Again and again I am not quite exposed. I am nodded at, humoured, this time over the fruit that rots at my bedside table, a hairy still life. Will my parents wish to see my medal? I can sketch it happily – but I no longer remember what it is for. Am I King of Saturn or Employee of the Month? I have brokered a treaty, somewhere remote, the distant past, birches, alder, spruce, a little fortress, a ring of stones. Am I suitably well hidden in these sheets? My pyjamas are long. And I so dread my parents’ arrival, my spectacular excoriation.

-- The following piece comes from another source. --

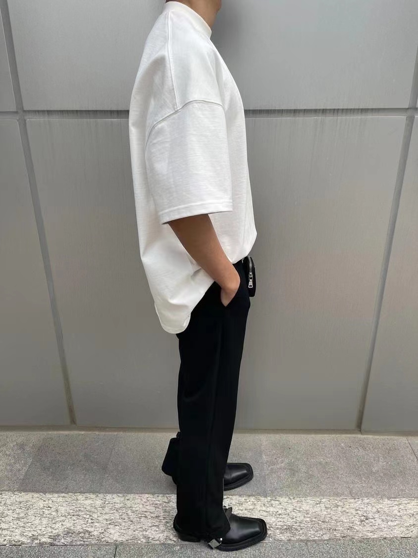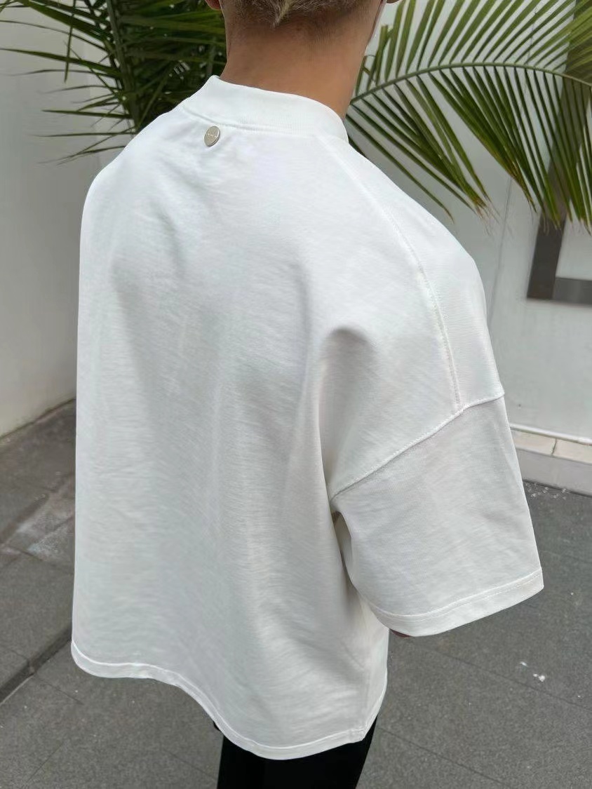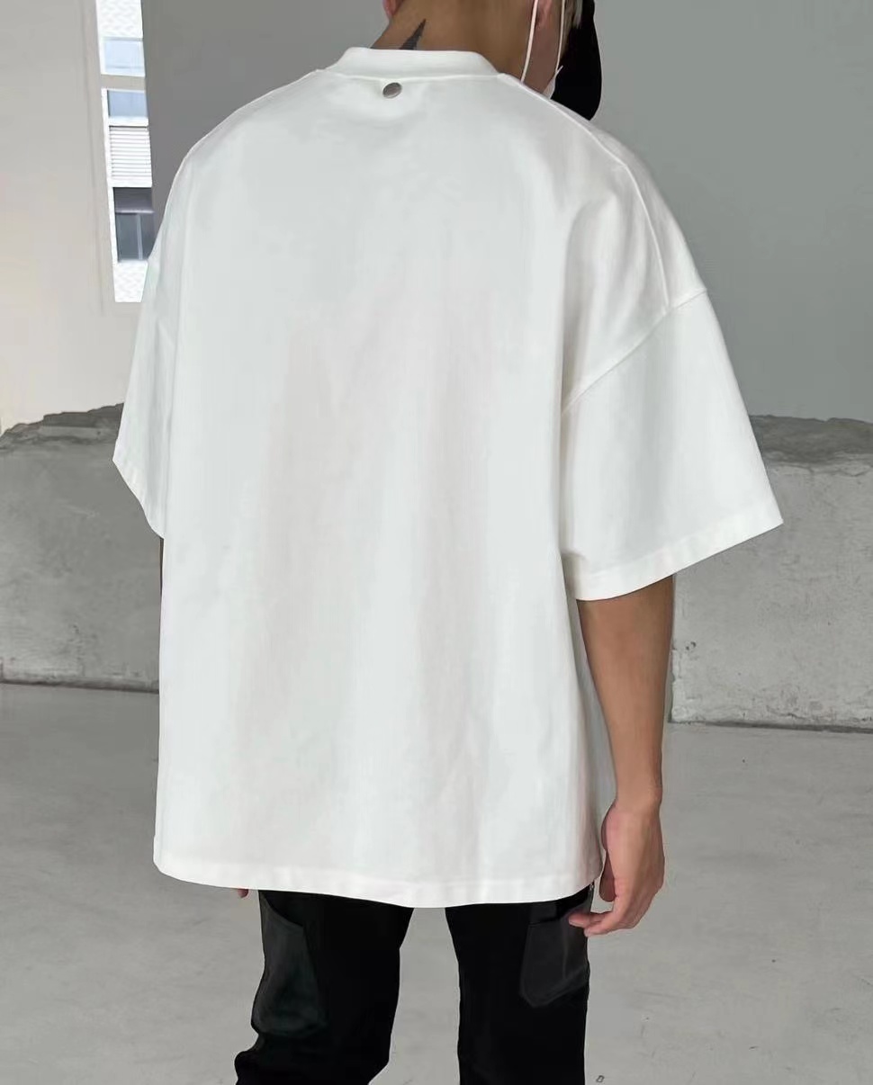 ATMOSWRAP 300g重磅新疆長絨棉金屬鈕釦解構裁剪短袖t恤男春夏季

As it happens my writhing soothes me. One night I writhe up to the roof, hover above the room, another courtyard. There are boxes, splinters, thick gluey cliché mist. Am I Dracula? I move his earth, his pillows. I have to invent the countryside, the terrain, for I have never been anywhere beyond West Yorkshire, these valleys. Have you ordered the maps and euros, printed the itineraries? my parents continuously say. For I have spent decades describing little villas outside Marsaskala and never taking myself there. Once, eventually, I climb a hill. At the summit I say The frame rate is too low. I am appalling.

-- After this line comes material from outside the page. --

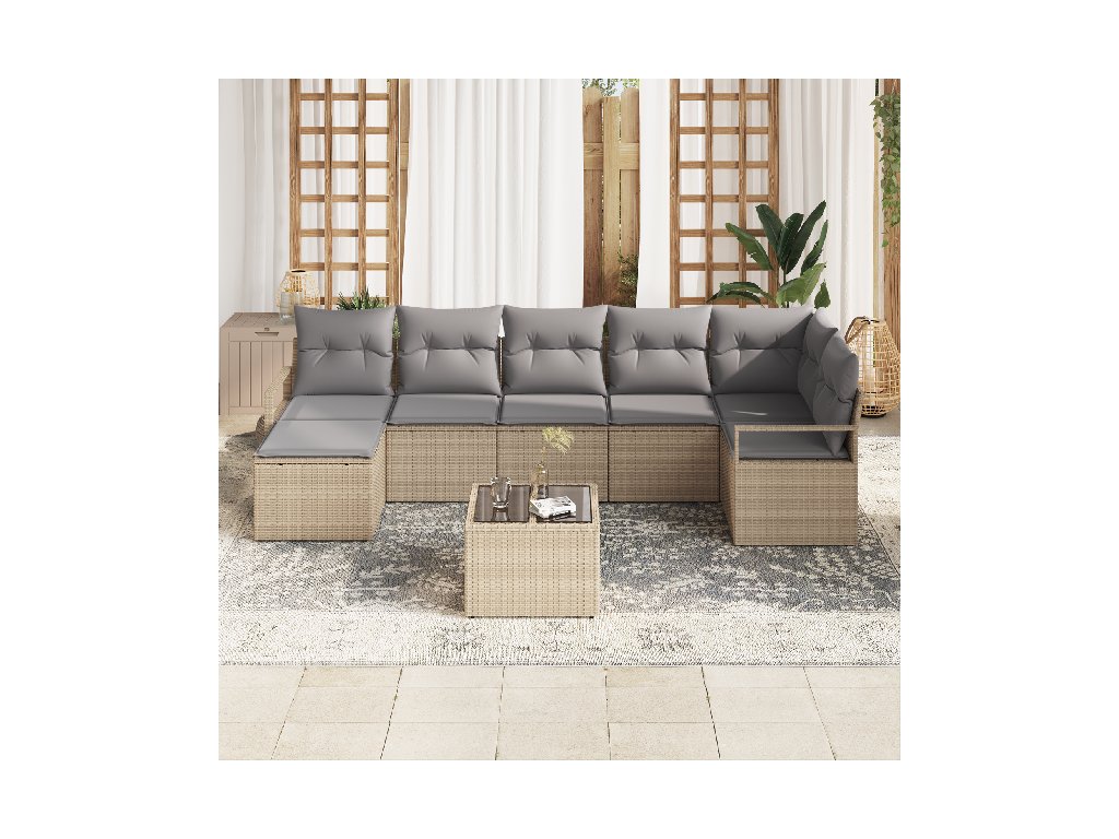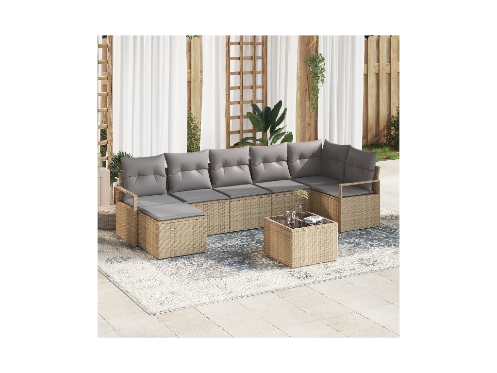 Set pohovek s polštářem 8 pcs Béžová polyratan

And wounded. And delicate, too. A cake of ice. Once I’d abandoned my painting, I moved my attention to the project of myself. Refining my intonation, smoothing out wrinkles. Because all artists are outsiders, I thought my evaporation must have stung – must have stung someone. But there was silence. Lake water. In December I bought a tiger snake and housed it in its own expensive kingdom. By January it had jumped out of its tank and strangled me in my sleep. Have I survived that? I ask the nurses.

But half–heartedly. They are so busy. The ward is always full. Of sycophants and plastic bottles. A patient has started feeding sparkling water to the plants. It is me.

Six–forty. Soon my parents will be here, my sister, oh Christ. Treading water around my bed. My pleasant family, who attend the theatre but always watch the wrong plays, who’ve never once enquired why a term or two at art college has transformed their working class son’s every chirp, every twang, and chipped away forever at his embarrassing love of darts – has renovated their boy into a kind of baffling duke, who reads Keats and Dante but whose grandad, a coal miner, drinks water and digs oils and has worn the same flat cap since 1976. They are here.

They are here. Here they come. Bringing in the golden leaves, while I recover, reluctantly, from my life and from appendicitis, and I wonder whether they have been saving up all their guile these decades, have brought the tools finally to puncture me. But they are only overflowing with empathy, my family who never warped or suffocated or pummelled me, and who played dominos in the front room of our terrace and loved me, unreservedly, their inexplicable son.

They are here.

Here they are, crossing the tiles. Lying flat, I have still managed to put my armour on, my shield, am drawing my sword as they approach. I pull at my muscles. Lift myself out of the centuries. That gathered dread. A shape, a shadow, icy, athletic, unruffled, a pair of trainers glowing in UV light. Still I wonder now, over the wheezing of nobler patients on the ward, while the sun comes down on each of my affectations and the nurses explain to me that, no,

life is not on trial for immorality, that it is only me, I wonder,

just then, as my mother puts her lips to my forehead,

in what new foul uncertified way I will go about repaying them next.